> EXERCISE REQUIREMENTS
Copy the lines below, word for word, from the first through the line containing "曹庵镇2025年第三季度孕前优生健康检查名单". Leave the pictures out.
### DATA FOR PROCESSING ###
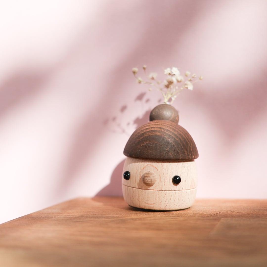 おだんご頭のどんぐりままが一輪挿しになりました。お部屋を彩る遊び心あふれる一輪挿しです。ご自宅用に、また母の日の贈り物やプレゼントにも最適。シルクハットが特徴的な【どんぐりぱぱ】とセットでお求めもおススメです。
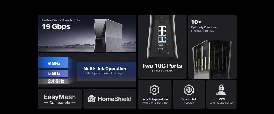 Lightning-Fast 19 Gbps Tri-Band WiFi 7: Enables your devices to run at full speed. Enjoy fluent 4K/8K streaming, immersive AR/VR gaming, and lightning-fast downloads.†‡
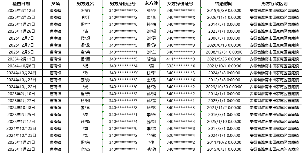 曹庵镇2025年第三季度孕前优生健康检查名单
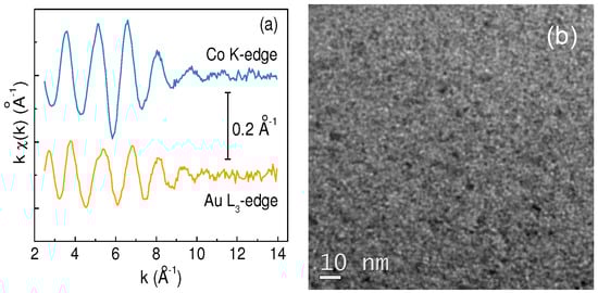 EXAFS spectra (a) and bright-field TEM image (b) for the Au1Co2 composition.
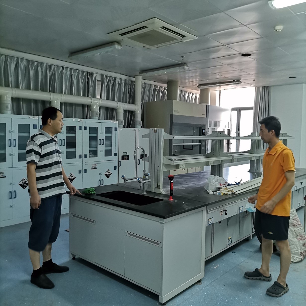 张向明副主任对酷暑中进行施工人员表示感谢,同时要求,一是做好防暑降温,保证施工人员安全;二是要保证施工质量,按期完成实验室改造,保证新学期正常使用。
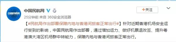 针对近期香港机场安全运行受到的影响,中国民航局作出部署,通过增加运力、做好机票退改签、提升粤港澳大湾区机场群中转能力,保障内地与香港间旅客正常出行。
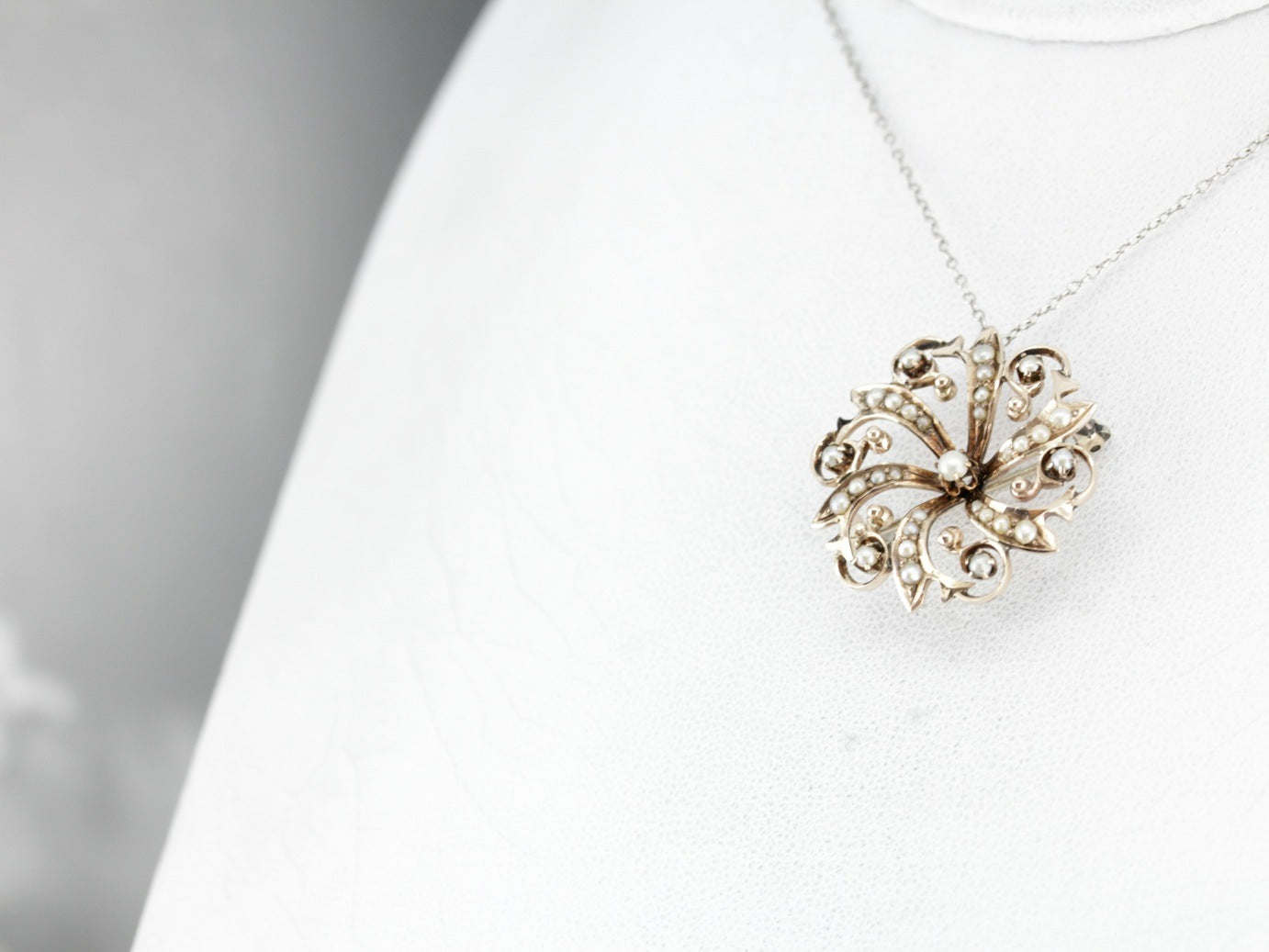 So beautiful! This antique rose gold brooch dates to the late 1800's. It's paved with seed pearls, each one individually set in its own little mounting. What makes this piece even more special is that it can be worn on a chain or ribbon as a pendant!
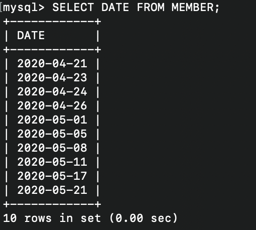 - 사용한 명령어 : SELECT DATE FROM MEMBER;
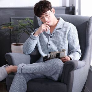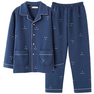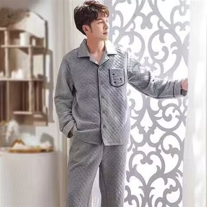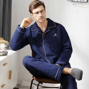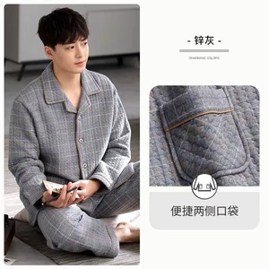 睡衣男士春秋季加厚纯棉长袖短袖家居服薄夹夹层空气棉套装
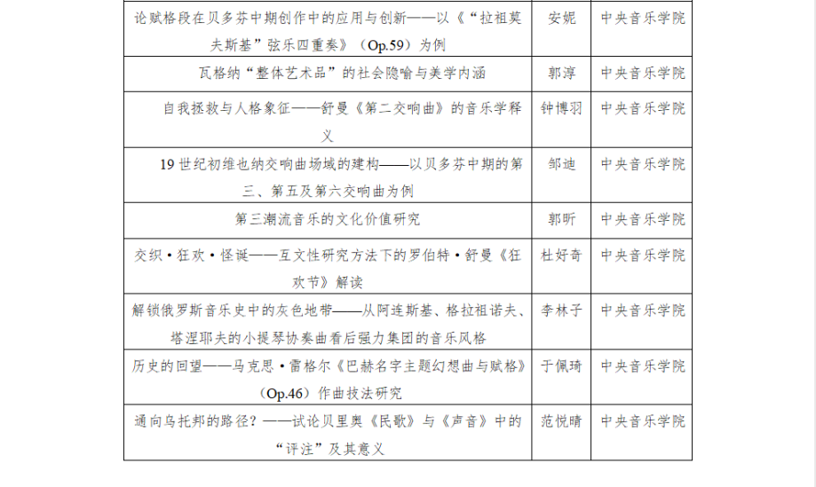 本届年会以“中国的西方音乐史学科新视野与新方向”作为中心主题,下设1.西方音乐史书写的前沿问题;2.西方音乐史方法论研究;3.西方音乐类型史(如专题史、国别史、体裁史等)的书写;4.西方音乐作曲家与作品研究;5.西方音乐史学史理论与经典史著文献研究;6.中国百年西方音乐史学科研究与反思等子课题。best365刘小龙、潘澜和毛羽老师的宣讲论文直接涉及同西方音乐研究与书写相关的方法论问题。王新华、代博、贾抒冰老师的论文则是具体研究领域的个案研究成果。best365硕士、博士和本科同学的论文更展现出best365音乐历史研究与教学的丰富性和多元性,其中既有对经典音乐与音乐家的专题研究,又有对不同时期前沿课题的独立论述。不仅如此,best365参会代表还对中国西方音乐史学科的建设发展提出具体设想和建议,认为我国学者一方面需要广泛参与国际学术领域的前沿课题研究,另一方面更要将目光投向中国,具体研究近代以来同西方音乐相关的创作、表演、传播和接受等课题,充分展现我国西方音乐研究的独立性和自信力。通过论文宣讲和课题研讨,best365师生展现了best365中国官方网站精研潜思、追求卓越的科研传统,更透露出开拓创新、为国奉献的学术追求。
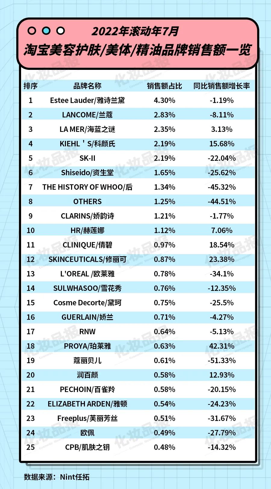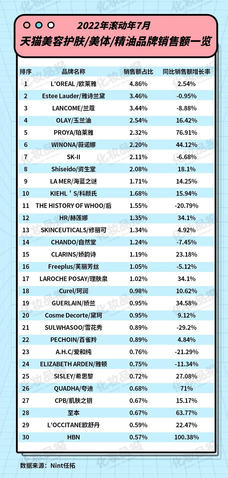 從品牌來看,2021年8月-2022年7月,TOP25護(hù)膚品牌和TOP25彩妝/香水品牌中,超70%品牌銷售額出現(xiàn)下滑。其中,雅詩蘭黛、蘭蔻、資生堂、后等外資品牌雖然位居前列,但銷售額均呈現(xiàn)下滑態(tài)勢。
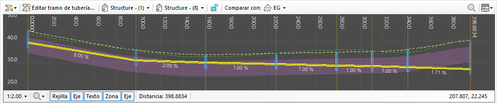 La Vista de conducto de tubería de la ficha Redes de tuberías muestra un perfil dinámico a lo largo de la ruta de tubería más corta entre dos estructuras de la red de tuberías seleccionada. Utilice las listas desplegables de estructuras de la barra de herramientas para seleccionar una estructura inicial y final para el conducto de tubería. Utilice la opción Editar conducto de tubería para ajustar la pendiente de cualquier tubería que se muestre en el conducto de tubería actual.
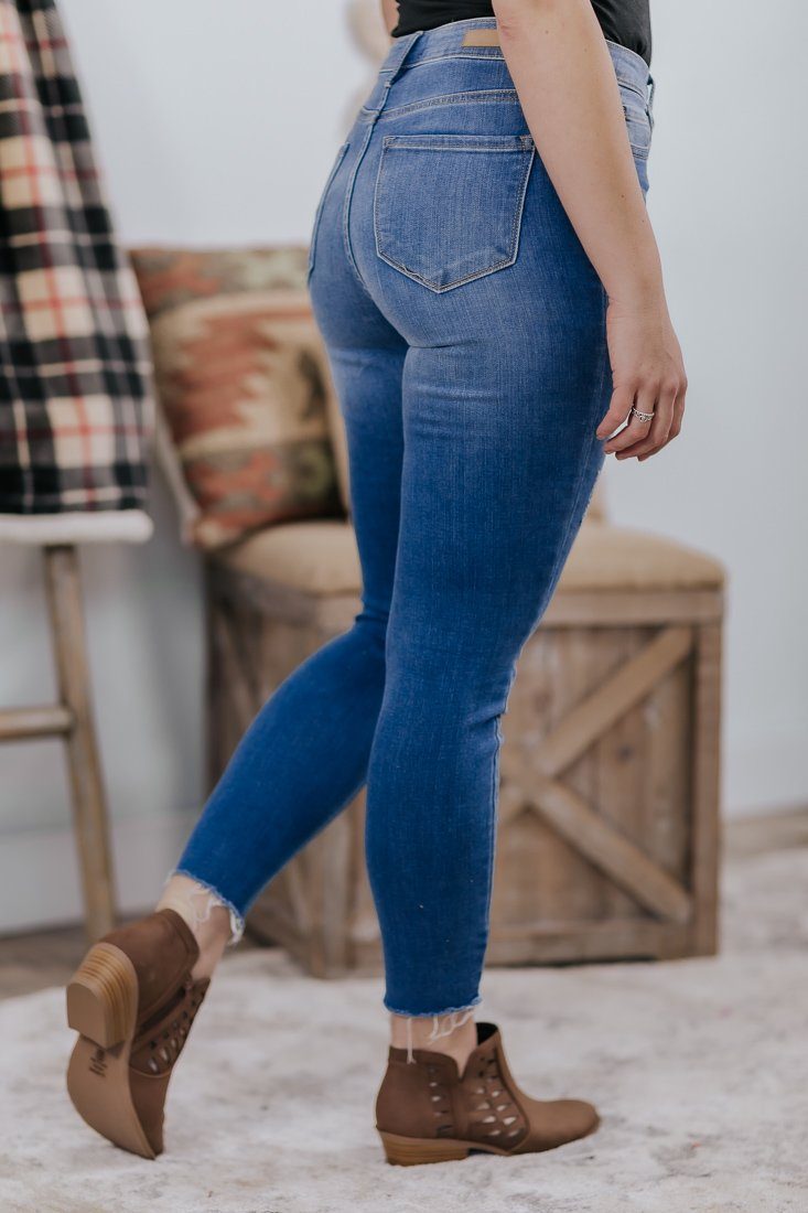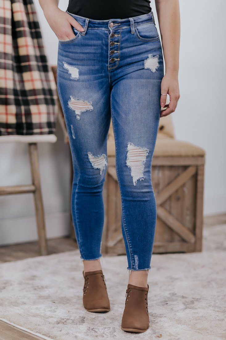 Carrah Cello High Rise 5 Button Distressed Medium Wash Skinny Jeans
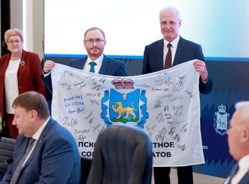 «Этот флаг будет храниться в Псковском областном Собрании депутатов, потому что все мы делаем одно общее дело. Мы с вами поддерживаем и будем поддерживать наших бойцов до самой Победы», – подчеркнул спикер парламента Александр Котов.
###
> SOLUTION TO THIS TASK
 おだんご頭のどんぐりままが一輪挿しになりました。お部屋を彩る遊び心あふれる一輪挿しです。ご自宅用に、また母の日の贈り物やプレゼントにも最適。シルクハットが特徴的な【どんぐりぱぱ】とセットでお求めもおススメです。
 Lightning-Fast 19 Gbps Tri-Band WiFi 7: Enables your devices to run at full speed. Enjoy fluent 4K/8K streaming, immersive AR/VR gaming, and lightning-fast downloads.†‡
 曹庵镇2025年第三季度孕前优生健康检查名单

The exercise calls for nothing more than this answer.